L’armée des ombres; war drama, France / Italy, 1969, D: Jean-Pierre Melville, S: Lino Ventura, Paul Meurisse, Jean-Pierre Cassel, Simone Signoret, Claude Mann
World War II, France during the Nazi occupation. Resistance member Philippe Gerbier is arrested and sent to an internment camp, but manages to flee and hide in Marseille. His Resistance colleagues are Bison, Le Masque, Felix, Mathilde, and others. He travels to London to coordinate with the French government in exile, and then goes back to France. Felix is arrested by the Nazis and tortured in a prison, so Mathilde conjures up a plan in which she disguises herself as a nurse, equipped with an ambulance car, while Bison and Le Masque use forged papers to try to transport Felix away from prison, but the prison doctor rejects their request, declaring Felix too weak for transport. A Resistance member gives Felix a cyanide pill for suicide. Philippe is arrested, but manages to escape again. When Mathilde is arrested, and the Gestapo also knows she has a daughter whom they threaten to send to a brothel on the Eastern Front, the Resistance members agree to kill Mathilde by shooting her on the street.

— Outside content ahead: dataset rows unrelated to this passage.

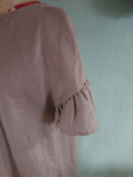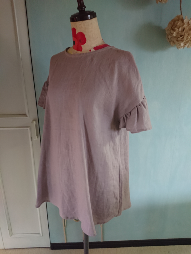オーブピンクのリネン生地で、お袖にフリルをつけて、可愛いブラウス作ってみました!肩落ちデザインで、Aラインなので、ゆったり着やすいですよ!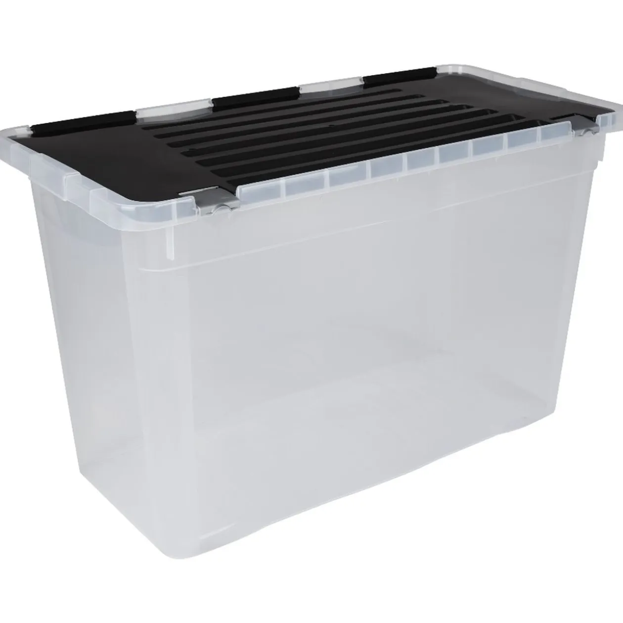 Boîte de rangement en plastique transparente avec couvercle noir. Pratique, pour vérifier en un coup d’oeil le contenu! Ce grand box d’une capacité de 100 litres avec fermeture à rabat dotée de clips vous permettra d’entreposer et stocker du linge ou matériel divers dans le bureau, le garage ou la buanderie.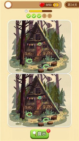 3. 在挑战过程中,游戏提供丰富的提示道具,助你迅速解决难题,轻松找到不同之处,快速通关。

Included in Roger Ebert’s list of Great Movies, “Army of Shadows” is a typically ascetic, cold, clinical and minimalist film by director Jean-Pierre Melville, who hereby delivered a monument to the French Resistance members during the Nazi dictatorship, the former of which he was himself a part of, and thus the story is imbued with authenticity, avoiding any kind of glamour. Melville is a realist: he is sympathetic towards the Resistance movement, but also objective enough to show how a change will not happen during their lifetime. All the six main characters of the movement in the story die before the end of World War II, and are doomed to a transitory-interim existence before any results of their efforts will bear fruit. The happiness of peace awaits only the generation after them. Congruent to this pessimistic mood, even the cinematography is bleak and dark, full of shadows, revealing a sad underground in which these members hide while undercover, but the movie is boring at times, grey and overlong.

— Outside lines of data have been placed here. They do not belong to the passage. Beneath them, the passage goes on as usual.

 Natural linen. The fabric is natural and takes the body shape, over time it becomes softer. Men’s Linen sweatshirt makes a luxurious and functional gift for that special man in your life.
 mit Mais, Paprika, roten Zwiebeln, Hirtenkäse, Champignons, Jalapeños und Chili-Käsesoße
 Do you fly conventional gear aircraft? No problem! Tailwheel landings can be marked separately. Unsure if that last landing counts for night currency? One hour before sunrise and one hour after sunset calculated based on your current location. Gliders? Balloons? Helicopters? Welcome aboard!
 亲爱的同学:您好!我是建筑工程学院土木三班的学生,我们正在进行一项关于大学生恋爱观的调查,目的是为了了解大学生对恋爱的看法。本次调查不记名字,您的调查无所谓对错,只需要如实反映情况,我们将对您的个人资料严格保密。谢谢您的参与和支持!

Some of the tactics of the Resistance are not that impressive: in one sequence, Philippe arrives via train to a train station, but a whole row of Vichy officers are awaiting the passangers to inspect some of their luggage. Philippe thus spots a woman with two little kids and offers to help her by carrying one of the children, thereby “camouflaging” as a parent to walk pass the customs control. It is kind of a stretch that the Vichy officers would fail to inspect everyone, even parents, if they are suspecting Resistance members. One cool moment has Philippe rowing in a boat in the middle of the sea, until he reaches a British submarine, and then just exits from the boat onto the submarine. The best moment arrives when the Nazi soldiers are marching prisoners in a basement to a firing squad, when Melville untypically abandons realism and reveals Philippe’s narration, which includes this poetic line of thought: “It is impossible not to be afraid when you know you are going to die. I am just too stubborn, too much of an animal to believe it. But if I don't believe it to the end, to the very last split second, then I won't die.” The film is very good, yet it still lacks some true ingenuity or inspiration to be as great as the said sequence where the protagonist contemplates his mortality, life, fate and all the things between.